Deterministic Photonics at Scale: Quantum Source’s Hybrid Path to Million-Qubit Machines
At Quantum World Congress 2025, Quantum Source laid out how photonics could leap from probabilistic lab demos to room-temperature, fault-tolerant systems. In a tightly argued talk, CEO Oded Melamed described a hybrid approach that couples single photons with single atoms on one platform, aiming to make resource-state generation deterministic and compact enough for a standard server room.
Why scaling matters now
Commercially valuable workloads demand logical qubits with extremely low error rates (~10⁻¹⁵). Under today’s error-correction overheads, that translates to 1,000–10,000 physical qubits per logical qubit. Melamed noted that headline applications—from Shor’s algorithm to chemically relevant simulation—quickly climb into the millions to tens of millions of physical qubits, far beyond today’s hundreds-to-thousands scale.

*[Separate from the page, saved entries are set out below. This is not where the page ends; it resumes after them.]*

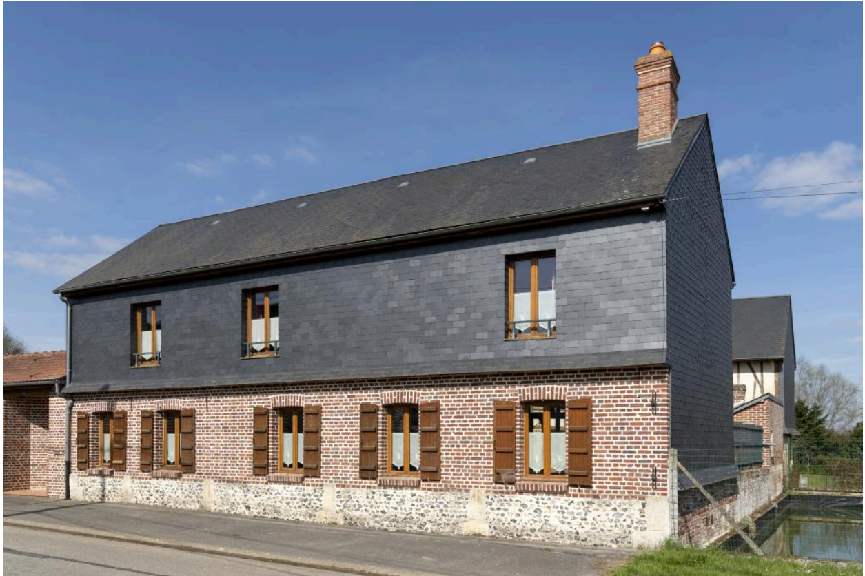
Logis sur rue avec essentage en ardoise et solin en moellons de silex et pierre de taille, n°4 rue Principale, vue depuis l'ouest.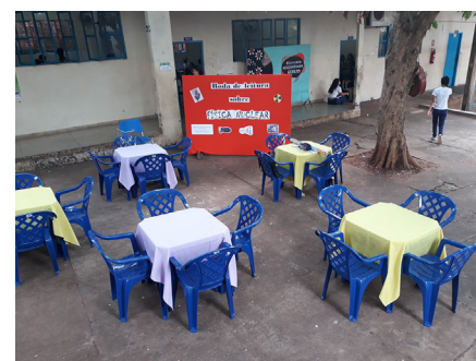
Figura 3 - Ambiente organizado para roda de leitura.

O ambiente para leitura foi organizado utilizando-se mesas de plástico com cadeiras, toalhas para forrar as mesas, mural informativo, tabela periódica à disposição e o próprio pátio, para os alunos que preferissem uma leitura mais reservada, sentados sobre a calçada. Buscou-se um ambiente modificado para maior conforto e liberdade estudantil, diferindo do âmbito de sala de aula, como mostra a Fig. 3.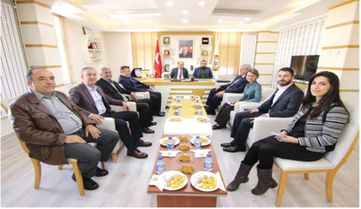
UKRAYNA ANKARA BÜYÜKELÇİSİ İLE TOPLANTI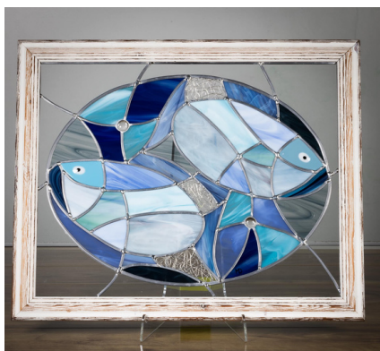
VITRAIL POISSON, MARYSE VITRAIL

Nous proposons cette année encore des démonstrations de savoir-faire, une exposition à thème "AQUATIQUE", des ateliers d'initiation, un historique du cloître, et des spectacles de marionnettes.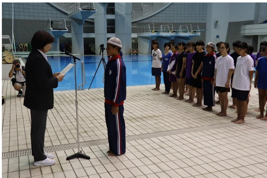
泳法競技ジュニアクラス・男子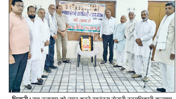
भिवानी। राव तुलाराम को नमन करते स्वतंत्रता सेनानी उत्तराधिकारी कल्याण संगठन के सदस्य।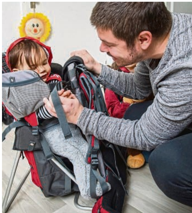
Die Anschallgurte der Kindertrage sollten verstellbar sein so bleibt die Tour für alle bequem.

Damit die Tour für alle bequem bleibt, sollten die Anschallgurte und die Sitzhöhe verstellbar sein. Um den Rücken bei längeren Ausflü-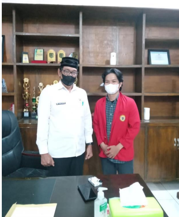
Wawancara Bersama Kepala Dinas PUPR Kabupaten Luwu Utara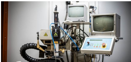
Was überzeugt, bleibt im Einsatz. Gleichzeitig investiert BBW regelmäßig in die aktuellsten Laseranlagen auf dem Markt und erweitert sein Portfolio stetig.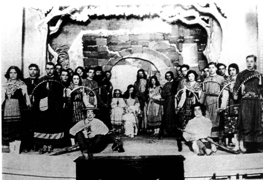
El grup escènic de la Joventut Carlista, a Els Carlins, a punt per a una representació d' Els Pastorets , l'any 1932.

Tot i que no en tinc una vivència tan directa, a la plaça Major, i en altres indrets de la ciutat, o en teatres, o a l'aire lliure, s'han vist altres espectacles i esdeveniments teatrals importants, dignes de recordar. Tanmateix, tot plegat ja forma part de la nostra història. La vida segueix: malauradament per tot el que és negatiu, però benaurat també per a tantes coses humanament positives. En aquest moment, el fil del bon teatre em porta als cicles de tardor i de primavera de Faig Teatre al Globus. A la tasca important de la gent d'El Galliner, que ens porten activitats teatrals i espectacles de qualitat i d'actualitat; i a les visites que organitza l'Òmnium Cul-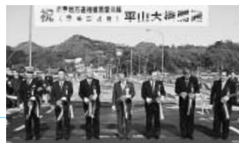
平成15年 平山大橋の開通式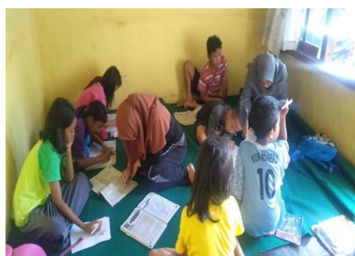
Gambar 2. Proses pendampingan belajar di posko kpm rumah warga dusun dampit, desa lipursari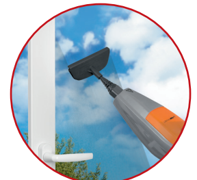
Fensterreinigungsaufsatz, reinigt ohne Putzstreifen und Kalkrückstände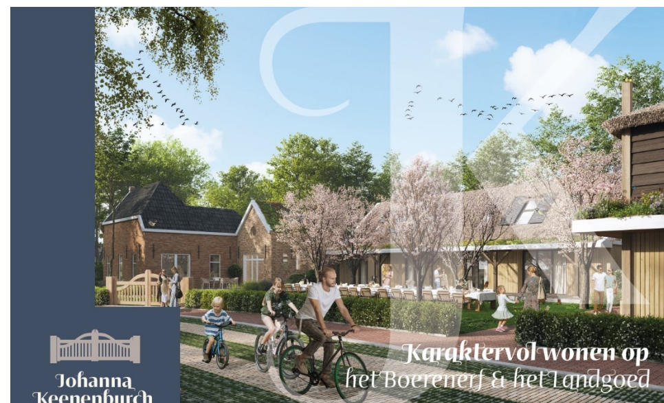
Figuur 1 Schetsontwerp Deelgebied 1: Zicht op het erf van het boeren erf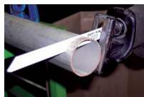
鋼管を切断する様子

湾曲した独自形状の鋸刃で特許取得※1 切断速度 1.5 倍、寿命約 3 倍を実現※2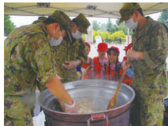
野外炊具による炊き出し実演

9月12日(火)、札幌ドームの駐車場地域で開催された「東月寒童夢セーフティフェスタ2023」に協力した。本イベントは、子供達が地域災害への防災運動を身近に感じ、楽しく学べることを目的として、途中コロナ禍で中断はあったものの、地域の施設や企業の協力を得て、平成23年から毎年行われているものであり、今年で13回目の開催となった。連隊は、豊平区を隊区とする第2普通科中隊を基幹に約30名をもって2校の小学生約200名に対し、災害用ドローンの展示や人命救助システム器材の操作体験、野外炊具による炊き出し実演等、陸上自衛隊の「防災」に関する各種体験や展示を行った。天候不良で中断を止む無くされたものの、ゲリラ豪雨の状況下で関係各機関との更なる連携強化を図ることができたとともに、装備品展示や体験搭乗等を通じて防災を楽しく学んでもらい、自衛隊の魅力を発信することができた。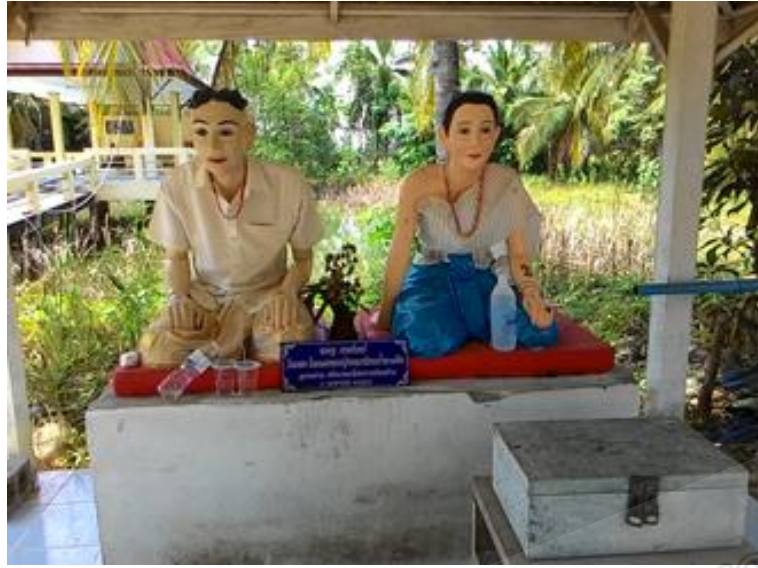
ภาพประกอบที่ ๓ รูปปั้นนายหูกับนางจันทร์ บิดาและมารดาของสมเด็จพระเจ้าพะโคะ ภายในที่พักรักษาเนเปล หมู่ที่ ๖ ตำบลชุมพล อำเภอสังขละ จังหวัดสงขลา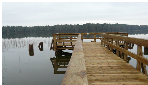
Pomost nad jeziorem Dołgie Duże

Głównym celem projektu jest ochrona najbardziej wrażliwych siedlisk nadbrzeżnych jezior Łebsko, Gardno, Dołgie Duże oraz Dołgie Małe przed wydeptywaniem. Drugim celem jest dostosowanie organizacji ruchu turystycznego na terenie Parku do nowych potrzeb wynikających ze wzrastającej liczby przyjeżdżających osób oraz planów budowy ośrodka muzealnego w Czołpinie na bazie zabytkowej osady latarników. Realizacja projektu umożliwi wprowadzenie nowych form edukacji terenowej, czego efektem będzie wzrost akceptacji społecznej dla ochrony przyrody oraz ograniczenie negatywnych skutków zwiększającej się antropopresji.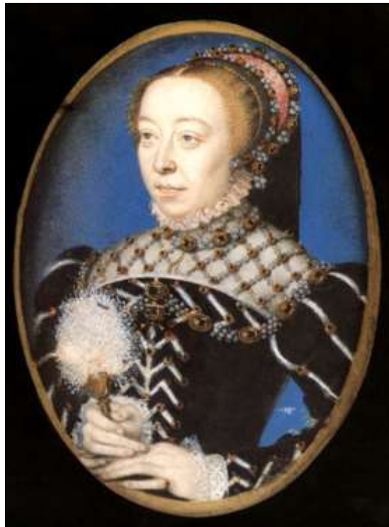
( Εικ.2.2 Η Εκατερίνη των Μεδίκων κατά την περίοδο της Αναγέννησης, Πηγή [106] )

τις εχθρικές κινήσεις. Σήμερα αυτό το είδος της μαντείας εξακολουθεί να υπάρχει στην υποσαχάρια Αφρική[5].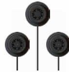
COOLFIX PLT3 デバイス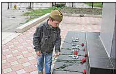
«Свеча памяти-19» в Коченево.

Сколько свечей в ходе акции зажжено на сайте, столько средств будет выделено на поддержку ветеранов Великой Отечественной войны: 1 виртуальная свеча — это 1 рубль. Все средства будут направлены Благотворительным фондом

The photonics bottleneck—framed
Matter-based modalities (superconducting circuits, trapped ions, neutral atoms) can entangle hundreds to low thousands of qubits, but their path to million-qubit systems is unclear. Photonics flips that trade-off: its networked architecture is inherently modular, yet today’s resource-state generators (RSGs) rely on probabilistic photon sources and gates. The result is container-sized, cryogenic hardware that dominates system cost (Melamed estimated ~95–99% of bill of materials) and makes extrapolated million-qubit systems look factory-scale and ~$1B.
Inside Quantum Source’s “Origin” approach
Melamed’s answer is to combine single atoms and single photons on-chip. By trapping rubidium atoms near a high-Q resonator integrated in a photonic chip, the photon’s electric field is boosted long enough to interact deterministically with the atom. That interaction underpins on-demand single-photon generation and deterministic entangling operations, producing small photonic cluster states that are then “stitched” into larger graphs using standard photonic plumbing (RSGs → stitchers → detectors). The claimed outcome: orders-of-magnitude higher efficiency, room-temperature operation, and RSGs small and inexpensive enough to scale by “copy-paste.”
What “server-room scale” could change
If deterministic RSGs hold up, a million-qubit photonic machine could fit in a standard server room, removing cryogenics and collapsing footprint/cost barriers. That reframes not only technical roadmaps but also deployment models—from bespoke labs to enterprise and government data facilities.
Company snapshot
Quantum Source is four years old, has raised $77M, employs ~60 people (about half PhDs in physics/EE), and counts U.S./Israeli VCs and Dell among its backers (described as Dell’s first quantum investment). “With Origin, we can build quantum computers as large as we want—one million or ten million qubits—while keeping the cost structure and infrastructure within reach,” Melamed said.
Bottom line
By shifting photonics from probabilistic to deterministic building blocks, Quantum Source argues it can unlock modular, room-temperature scaling to the fault-tolerant regime. The next test is empirical: demonstrating that atomic-mediated photonics delivers the efficiency and stability needed for million-qubit class systems.